On Tue, Nov 04, 2014 at 05:45:13AM +0000, Al Viro wrote:

> Hell knows; I hadn't finished digging through that zoo - got sidetracked back
> then.  *IF* all such places either use a throwaway copy or assume that iovec
> gets modified, we can do the following: switch the access to iovecs to
> iov_iter primitives, with the first kind of callers creating a throwaway
> iov_iter and the second just feeding the same iov_iter to e.g.
> kernel_recvmsg().  iovec will remain constant, iov_iter will be advanced.
> Moreover, in a lot of cases of first kind will be able to get rid of
> throwaway iov_iter (and of manually advancing it), effectively converting
> to the second one.

All right, now I _have_ finished that.  See the resulting notes below.
TL;DR version: looks like hypothesis above is correct, modulo 2 places,
both buggy - cifs smb_send_kvec() apparently relies on ->sendmsg() leaving the
iovec unchanged and so does of the ceph_tcp_sendmsg() callers
(write_partial_kvec()).  For TCP that's not always true.  Another apparent
bug caught in process is iscsi iscsit_do_tx_data() - assumes that iovec is
being consumed by sendmsg().  I don't see how that could not be a bug - TCP
sockets can get there and tcp_sendmsg() normally *doesn't* modify the iovec.
Sometimes it does, unfortunately for other two places...

Maintainers Cc'd...


Full version follows:
-----------------------------------------------------------------------------
->sendmsg(): there's such method in struct proto_ops and in struct proto; the
latter is called by (some of) the former, in cases when ->sendmsg() isn't the
same for the entire family.

Instances of proto ->sendmsg() are, on several occasions, called directly; some
of those calls are from another such instance (with unchanged payload).  There
are two exceptions to that - in tipc_accept() and tipc_connect() we call such
instances with empty payload.  All calls via method are from proto_ops
->sendmsg() instances, payload unchanged.
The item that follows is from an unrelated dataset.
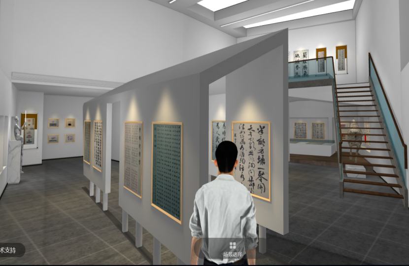 一二九纪念活动结束,“纪念一二九 书写爱国情”书画篆刻大赛线上作品展正式开始,值得注意的是,此次墨研月书画协会基于Web3D展示技术、通过3D建模、显示、交互三大技术特性,打破了传统展厅展示的局限性,将书画展搬到了VR展厅,通过元居科技提供的平台,融合AI人工智能、云计算技术和VR虚拟现实技术,构建映射现实的数字VR展厅,通过自定义角色带来视听盛宴。老师、员工们一同进入线上VR展厅欣赏书画作品。进入VR展厅内,各种书法作品顿时让人眼前一亮。此次赛事参展高校数目多,参赛范围广,参赛作品风格迥异,创意鲜明,各具特色,参展作品达95幅,充分展现了青年学子充满活力的艺术创作激情和健康向上的精神面貌,同时营造了良好的文化艺术氛围。品类包括软笔、硬笔、国画篆刻等,作品笔墨淋漓、激扬山河,书写着当代青年满满的爱国情,作品集思想性、艺术性、观赏性于一体,政治导向正确,吸引了大量的同学前来参观。各位领导随后对此次入展作品进行点评。

Instances of proto_ops ->sendmsg() are almost never called directly.  All
exceptions are from another such instance with unchanged payload.

There are two places that call proto_ops ->sendmsg() via method -
__sock_sendmsg_nosec() in net/socket.c, and handle_tx() in drivers/vhost/net.c.
The latter appears to be playing somewhat unusual games with passing NULL iocb,
making it impossible to use the former...  Everybody else in the kernel goes
through __sock_sendmsg_nosec(), though - it's a chokepoint for sendmsg path.
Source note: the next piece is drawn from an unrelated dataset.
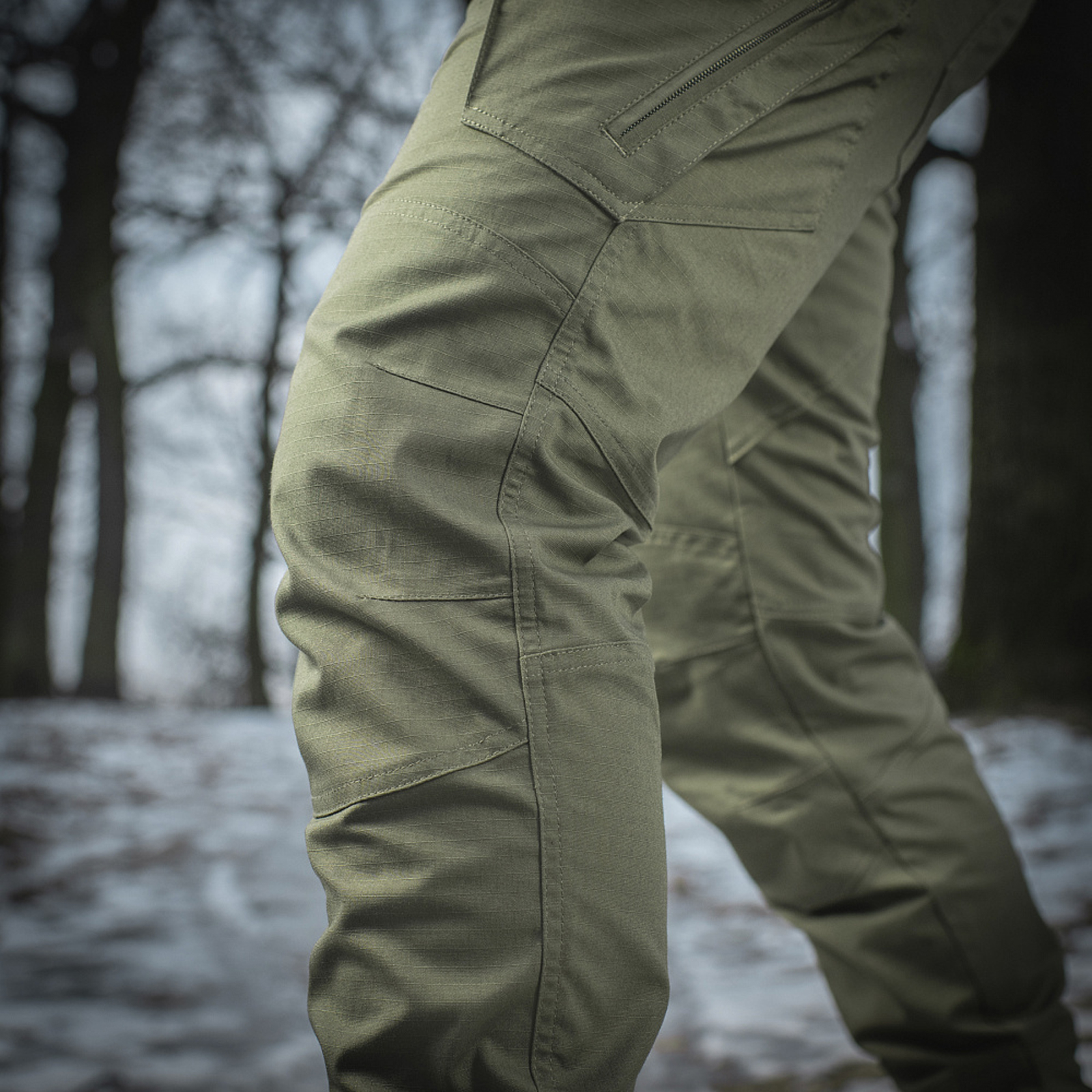 Штани M-Tac Aggressor Gen II Flex Army Olive від українського бренду M-Tac – це тактичні штани другого покоління з еластичними вставками, розроблені для тренувань, стрільби, роботи чи повсякденного використання в міських та польових умовах. Виготовлені з легкої монолітної Rip-Stop тканини (63% поліестер, 35% бавовна, 2% еластан) з Teflon-відштовхувальним покриттям від води та бруду, штани приємні до тіла, добре зберігають колір і витримують знос. Ергономічний крій з еластичними панелями забезпечує свободу рухів, а посилені кишені (до 5,5 см шириною) з D-кільцями для кріплення спорядження додають практичності. Регульований пояс, широкі петлі для ременя (до 5,5 см), блискавки та ґудзики YKK, а також два бокових карго-кишені з додатковим посиленням роблять штани універсальними для активного способу життя. Колір Army Olive ідеально маскує в природному середовищі, підходячи для тактичних завдань.

vhost callsite is somewhat worrying - granted, most of the ->sendmsg()
instances don't give a damn about iocb at all.  The rest, though...
E.g. what happens if we do VHOST_NET_SET_BACKEND with backend.fd being an
AF_UNIX socket?  AFAICS, if it ever gets to that ->sendmsg() call afterwards,
we'll get an oops when e.g. unix_dgram_sendmsg() calls kiocb_to_siocb(NULL).
The same goes for AF_NETLINK; AF_TIPC is even more interesting, since there
NULL iocb is used as "we are in weird callchain, socket is already locked"
flag (for tipc_{accept,connect}() callsites).  What's going on there?
[After having talked with mst: drivers/vhost/net.c checks that it's
AF_PACKET/SOCK_RAW (packet_sendmsg()) *or* comes from tun.c (tun_sendmsg())
or from macvtap.c (macvtap_sendmsg()) and all of those ignore iocb completely]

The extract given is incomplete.